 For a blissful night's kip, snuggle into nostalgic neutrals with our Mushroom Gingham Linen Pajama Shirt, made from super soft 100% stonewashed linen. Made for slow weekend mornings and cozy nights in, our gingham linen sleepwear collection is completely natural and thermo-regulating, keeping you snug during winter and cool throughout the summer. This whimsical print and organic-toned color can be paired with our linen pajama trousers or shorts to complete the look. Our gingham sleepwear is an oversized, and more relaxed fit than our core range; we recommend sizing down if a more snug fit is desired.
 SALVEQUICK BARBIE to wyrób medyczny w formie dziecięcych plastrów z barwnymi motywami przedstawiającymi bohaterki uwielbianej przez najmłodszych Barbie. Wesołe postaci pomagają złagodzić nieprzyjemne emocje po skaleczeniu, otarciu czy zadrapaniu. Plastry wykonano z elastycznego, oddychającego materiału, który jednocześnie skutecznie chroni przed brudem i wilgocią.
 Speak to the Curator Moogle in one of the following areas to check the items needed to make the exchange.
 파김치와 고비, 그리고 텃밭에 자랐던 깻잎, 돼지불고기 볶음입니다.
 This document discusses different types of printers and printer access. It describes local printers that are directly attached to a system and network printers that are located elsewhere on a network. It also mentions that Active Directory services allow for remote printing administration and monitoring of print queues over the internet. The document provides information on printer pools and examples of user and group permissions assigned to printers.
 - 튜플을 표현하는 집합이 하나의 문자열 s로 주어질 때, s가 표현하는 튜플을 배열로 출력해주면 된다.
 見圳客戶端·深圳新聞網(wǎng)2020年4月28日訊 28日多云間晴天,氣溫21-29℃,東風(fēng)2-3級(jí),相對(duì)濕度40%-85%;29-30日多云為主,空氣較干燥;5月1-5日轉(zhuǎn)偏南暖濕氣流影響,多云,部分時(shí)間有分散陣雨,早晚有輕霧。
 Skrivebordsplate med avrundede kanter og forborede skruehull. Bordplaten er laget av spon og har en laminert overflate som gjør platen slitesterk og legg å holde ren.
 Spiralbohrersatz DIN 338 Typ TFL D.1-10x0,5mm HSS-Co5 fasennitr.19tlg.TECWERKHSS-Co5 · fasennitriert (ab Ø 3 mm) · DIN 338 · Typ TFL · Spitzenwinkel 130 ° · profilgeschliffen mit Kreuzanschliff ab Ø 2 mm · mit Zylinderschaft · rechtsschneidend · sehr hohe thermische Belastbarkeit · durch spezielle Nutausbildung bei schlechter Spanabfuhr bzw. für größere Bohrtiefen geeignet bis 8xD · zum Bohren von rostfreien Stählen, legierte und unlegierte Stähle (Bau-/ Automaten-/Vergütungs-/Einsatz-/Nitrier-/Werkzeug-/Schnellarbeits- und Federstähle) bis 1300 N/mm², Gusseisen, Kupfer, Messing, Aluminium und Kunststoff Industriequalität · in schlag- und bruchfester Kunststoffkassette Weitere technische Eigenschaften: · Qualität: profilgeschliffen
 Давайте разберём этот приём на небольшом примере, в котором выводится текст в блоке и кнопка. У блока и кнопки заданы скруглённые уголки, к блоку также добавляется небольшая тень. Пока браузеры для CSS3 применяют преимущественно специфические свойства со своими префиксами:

════════

> [Aim of the task] Restate word for word only the lines above from the line containing "- 튜플을 표현하는 집합이" to the line containing "Skrivebordsplate med avrundede", both of them included.

> [Completed task]
 - 튜플을 표현하는 집합이 하나의 문자열 s로 주어질 때, s가 표현하는 튜플을 배열로 출력해주면 된다.
 見圳客戶端·深圳新聞網(wǎng)2020年4月28日訊 28日多云間晴天,氣溫21-29℃,東風(fēng)2-3級(jí),相對(duì)濕度40%-85%;29-30日多云為主,空氣較干燥;5月1-5日轉(zhuǎn)偏南暖濕氣流影響,多云,部分時(shí)間有分散陣雨,早晚有輕霧。
 Skrivebordsplate med avrundede kanter og forborede skruehull. Bordplaten er laget av spon og har en laminert overflate som gjør platen slitesterk og legg å holde ren.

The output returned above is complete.